Don’t Pay Unknown Recipients
As mentioned, ransomware is among the common cybersecurity threats associated with cryptocurrency. This is a difficult sort of hack, which traditionally involves the files on a device being encrypted by a malicious entity — only to be unlocked if an untraceable cryptocurrency payment is provided. It’s a sophisticated issue, and one it’s difficult to stop. But there are also less sophisticated scams via which unknown entities will simply ask for cryptocurrency. They may claim to offer a service; they may claim to be in desperate need; or they may claim to have information of yours, effectively attempting to leverage you into supplying a payment. These threats need to be taken on a case-by-case basis, but the easiest way to avoid them is to establish a firm policy of not paying unknown recipients with cryptocurrency.
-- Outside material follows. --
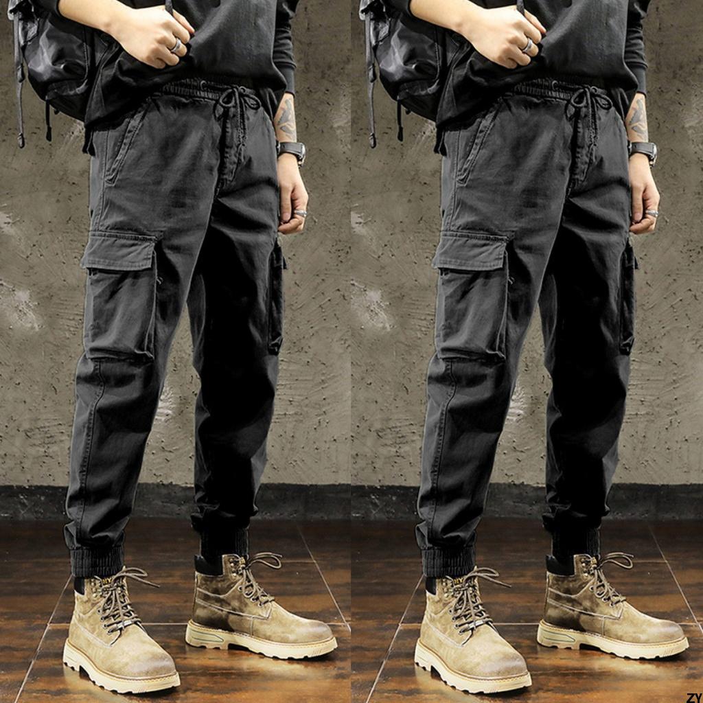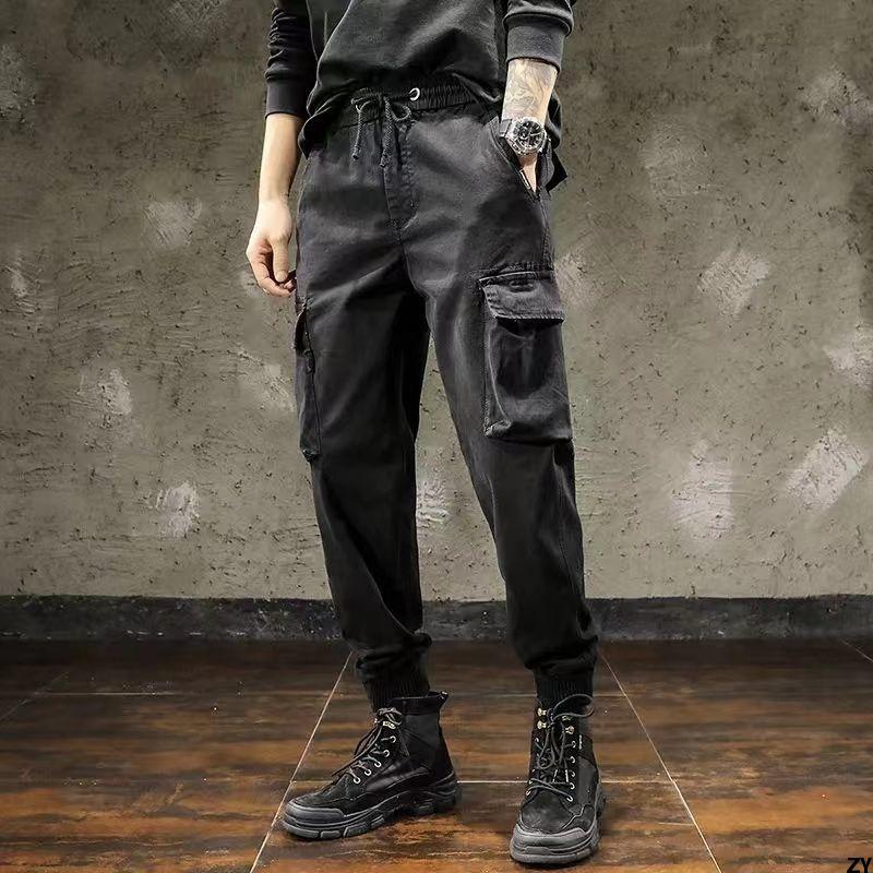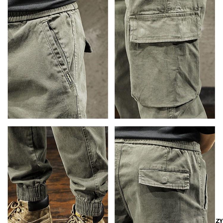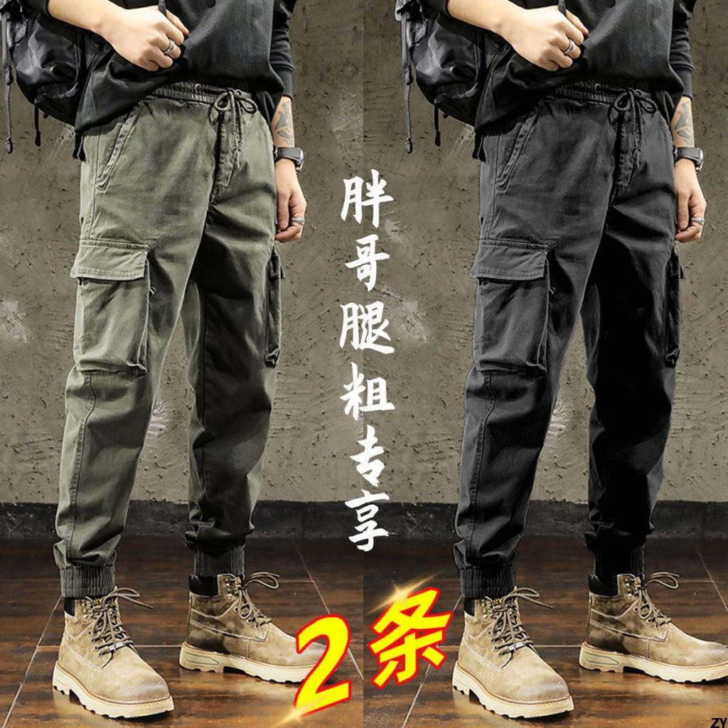 Wear-Resistant Fashion nd Multi-Pocket Hong Kong Style Pants Sports Pants Men's plus Size Workwear Casual Pants Fat Brother Ankle-Tied Loose

It sounds simple, and it is. But setting this policy in place consciously is still wise.
Invest Without Purchasing
If you’re curious about cryptocurrency from an investment standpoint, but you’re unwilling to trust the various wallets and exchanges at your disposal, you can take advantage of a trading method known as “contracts for difference.” This is a method that allows you to invest in the value of cryptocurrency without ever having to buy, store, or sell it on your own. In short, trading cryptocurrency CFDs is investing in an idea — specifically, the idea of the crypto asset in question gaining or losing value. Without ever holding the cryptocurrency, and thus without exposing yourself to a cybersecurity risk, you can set up a CFD with a reliable trading platform and profit simply by choosing the right direction for an asset’s value to move in overtime.
Review Exchanges & Wallets
If you do decide to acquire your own cryptocurrency, either to spend or store as an investment, you’ll have to place some trust in an exchange (where you purchase the cryptocurrency) and wallet (where you store it). Unfortunately, there is no way to fully guarantee that your chosen wallet and exchange will be invulnerable. Issues arise, and in theory, any wallet or exchange could be compromised. However, due diligence is still worth something. By reviewing your options carefully, and reading up on security measures and any past issues, you can reassure yourself that you’re picking the most secure platforms available.
Explore Crypto Debit Cards
As you may have heard, it is now possible to load crypto funds on a debit card, so long as you’re using the right service and a compatible card. This is not a complete workaround of crypto exchanges or wallets, given that you still need to load the cryptocurrency from a digital source. But it’s still a method that some users feel more secure about because they don’t need to access their crypto wallets and conduct direct transfers on a regular basis. Instead, they can simply swipe debit cards to spend cryptocurrency.
There are still some risks associated with these ideas, as there are with most financial dealings these days. But in taking these approaches, it is possible to spend, manage, and invest in cryptocurrency without making yourself vulnerable to the bigger known cyber threats.